大家好,我叫Michael Turner,是一名技术音效设计师。我对AI音效生成有顾虑,特别是关于训练数据的问题。目前所有的模型都是故意基于云端的,其商业模式是建立数据中心,收集数据,然后用这些数据进一步改进模型。这导致了公共领域文本和作品被逐字逐句地重复输出。
我的担忧是:当我们使用AI音频插件并将自己的音频输入其中时——我并不反对AI音频插件,有很棒的开源本地插件可以做很多好事——但一旦你开始进入云端生态系统,将数据发送到云端,谁能保证他们没有直接保存你的音效并用来训练模型?曾经有一个插件因为条款中写着"我们可以使用你的音频输入来训练模型"而引发了争议。那什么能阻止他们接着用提示词让模型重制一个你已经做好的音效?
另一个担忧是关于专有信息。不仅仅是音频——如果你有一个专有的引擎代码库正在输入到AI编程工具中,什么能阻止别人进入模型并将其重新生成出来?你花了多年时间采集的实地录音,现在其他项目却可能受益于它们——这是我们工作组定期会议中最大的讨论议题之一。有一种叫"公平训练"数据集的说法,但你说到了核心问题:我提交的东西会发生什么,我使用的东西又会发生什么?
Scott Williams(游戏音频教育者 / Game Audio Educator, IGDA Working Group):
I'm Scott Williams, involved in game audio education for a long time and also part of the IGDA AI Working Group. I've done experiments with ElevenLabs and also with open-source models running locally. That's something that hasn't been brought up much: almost everybody has been talking about AI services with subscription fees, but it is possible — given that you have a reasonably powerful computer — to run a lot of those models completely locally. They don't take enormous resources comparatively speaking.

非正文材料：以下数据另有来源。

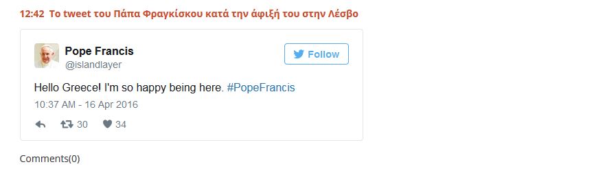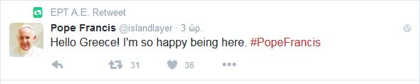 «Το tweet του Πάπα Φραγκίσκου κατά την άφιξή του στη Λέσβο», αναφέρει στη συνεχή ροή ειδήσεων της η ιστοσελίδα της ΕΡΤ στο διαδίκτυο, ενώ το συγκεκριμένο tweet το έχει αναδημοσιεύσει και στον λογαριασμό της στο Twitter.
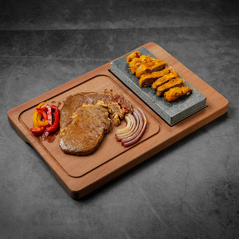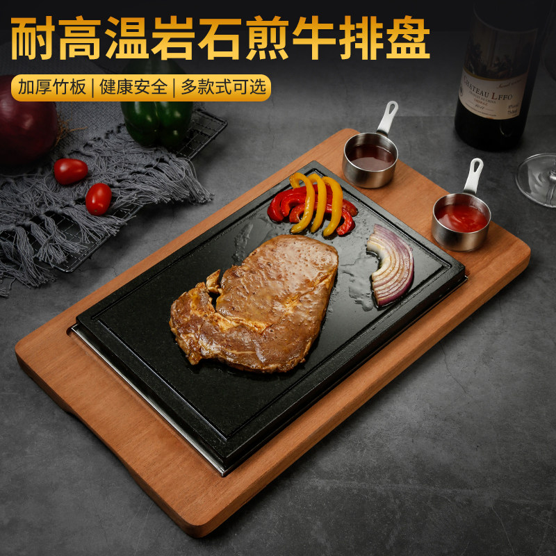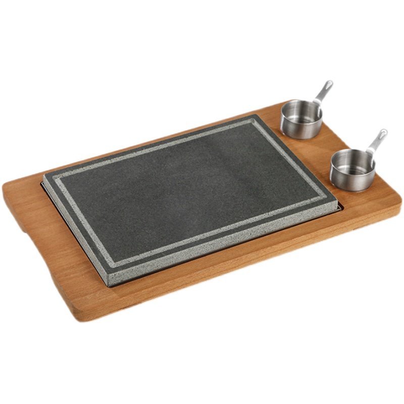 SandBilly Solid Wood Volcanic Rock Slate Steak Grilled Pan Western Dining Granite Plate Burning Bull Pickpocketing Korean Barbecue Hotel-Taobao

From a data provenance standpoint, open-source local models may create issues because open source is not going to check whether everything has been fairly trained for its dataset. But in terms of what I've been mainly working with: ElevenLabs. According to most information I've seen, their stuff is fairly trained and considered royalty-free, so there are no copyright issues associated with it. I'm not sure if it has a cloning capability — it didn't when I was testing it, though that's certainly a possibility and something that will need to be very carefully looked at.
As far as capability at this point: it's reasonably decent at single sound effects, like a laser blast or footsteps. It does depend heavily on how good your prompting is. It is pretty horrible at ambiences — it does not understand complex scene descriptions. I tried to give it a prompt for an 1880s Victorian carnival with a barker and a calliope in the background, and it had no idea what I was talking about. I got dog barks instead.
On variations: it automatically gives you four variations on everything. That said, you probably have to generate about four times, so you're talking about sixteen generations to get maybe three reasonable variants. They're not really graded variants — they're all basically different seeds running. You can however lock the seed, which gives you a similar generational output with some variance.
我是Scott Williams,长期从事游戏音频教育工作,也是IGDA AI工作组的成员。我做过ElevenLabs的实验,也用过本地运行的开源模型。有一件事还没有被太多提及:几乎所有人都在谈论需要订阅费的AI服务,但实际上——如果你有一台相对强大的电脑——可以在本地完全运行很多这样的模型。相对来说,它们不需要消耗大量资源。
从数据来源的角度来看,本地开源模型可能会产生问题,因为开源不会去核查训练数据集是否全部经过公平训练。但就我主要使用的工具来说:ElevenLabs。根据我看到的大多数信息,他们的内容是经过公平训练的,被认为是免版税的,所以没有版权问题。我不确定它是否有克隆功能——我在测试时没有发现,但这当然是一个可能性,需要非常非常仔细地审视。
就目前的功能而言:它对单个音效做得相当不错,比如激光爆炸声或脚步声,这在很大程度上取决于你的提示词质量。它在氛围声方面非常糟糕——它无法理解复杂的场景描述。我曾试图给它一个提示,描述一个有招徕顾客的叫卖者和背景里的管风琴的1880年代维多利亚时代嘉年华,它完全不理解我在说什么,结果给了我狗叫声。
关于变体:无论你输入什么,它会自动给你四个变体。但实际上,你可能需要生成大约四次,也就是说你要生成十六个才能得到也许三个合理的变体。这些变体并不是真正分级的——它们基本上都是在不同种子值下运行的结果。不过你可以锁定种子,这样可以得到相似的生成输出,同时保留一定的变化量。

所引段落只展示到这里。